The Pseudo Presidency of #PDiggy

In a world where the one who shouts the loudest gets heard the most, Duterte’s endless supply of meme-able quotes gave him the advantage in our first social media election.

Duterte dominated the airwaves, but more importantly the status updates, on Facebook and Twitter, on Youtube and Instagram, through his outlandish statements that were as Alex Magno described them, “hegemonic” particularly in the homestretch of the campaign, when voters were making up their minds. It sucked the oxygen out of his opponents’ airtime.

#PDiggy or #PGong as Duterte has now been dubbed on social media had the perfect public  persona of any candidate to master this new medium.  Whether you were for or against him, you couldn’t help but talk about him. This heralds a new form of campaigning: from one based on a central narrative that the candidate weaves, to one where the candidate is someone whom the audience moulds and repackages as they see fit.

Through memes and hashtags, retweets and Facebook shares, the production of campaign slogans, jingles, videos and press releases is now the domain of voters. There is no room in all this for nuanced policy debates that readers glaze over as they scroll up and down their social media walls. The only thing that captures their attention in this shallow environment that promotes sleep deprivation and short-term memory is shock value.

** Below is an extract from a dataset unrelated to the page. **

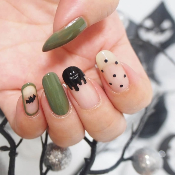 イエローやピンクのおばけシールを使うとキュートなハロウィーンネイルに仕上がりますが、@300yen_codeさんはブラックのおばけのみ使用。大人ハロウィーンにぴったりのネイルですね。小指の囲みネイルもマネしたいアイデア。モードなハロウィーンネイル、ぜひ次のハロウィーンには真似してみてくださいね。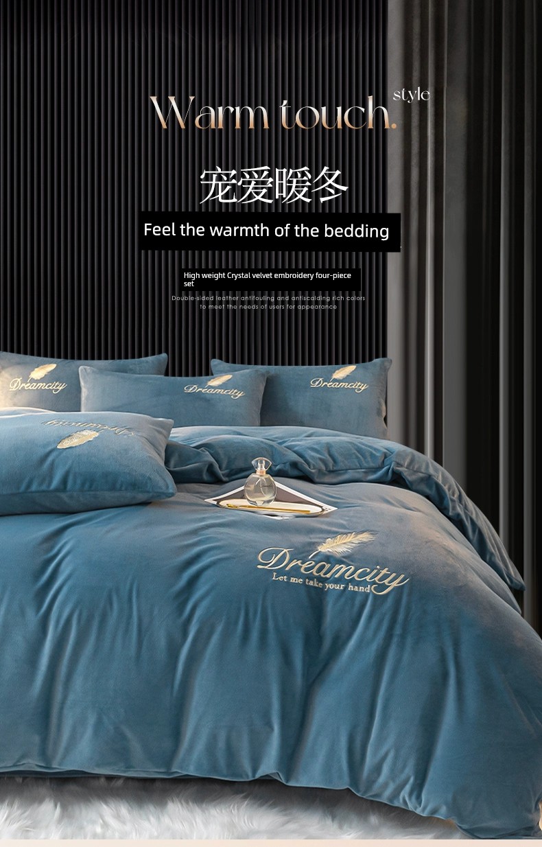 Thickened Milk Fiber Winter Bed Sheet Duvet Cover Four-Piece Set

The more hits, views, likes, <3’s, shares and retweets a status update gets, the more eyeballs focus on them. The only way to collect these things is to do or say something outrageous and shocking. If Erap Estrada and Fernando Poe, Jr. mastered the art of a carefully crafted telegenic performance fit for the screen with sound bytes that mainstream media could easily squeeze into the evening news, Duterte has mastered the art of creating a buzz on the 24/7 echo chamber that is social media.

This is no longer a postmodern world where the elusiveness of meaning is exemplified by the narratives and counter-narratives of light vs. dark, rich v. poor, that were acted out by their proponents in the elections of 1998, 2004, and 2010. We have now entered a pseudo modern age which is characterized by the absence of narratives. As Alan Kirby explains

Postmodernism… fetishised [ie placed supreme importance on] the author, even when the author…pretended to abolish him or herself. But the culture we have now fetishises the recipient of the text to the degree that they become a partial or whole author of it. Optimists may see this as the democratisation of culture; pessimists will point to the excruciating banality and vacuity of the cultural products thereby generated.

The challenge for Mr. Duterte now is to pivot from the act of campaigning to governing. Having divided the nation, with his raunchy, expletive-ridden remarks, he now has to unite the various sectors of our society against the internal and external conflicts and challenges it faces with more measured manners. If his campaign was an MA15+ movie, he now has to edit it down to a PG-13 version, or risk losing the respect and goodwill that his mandate affords him.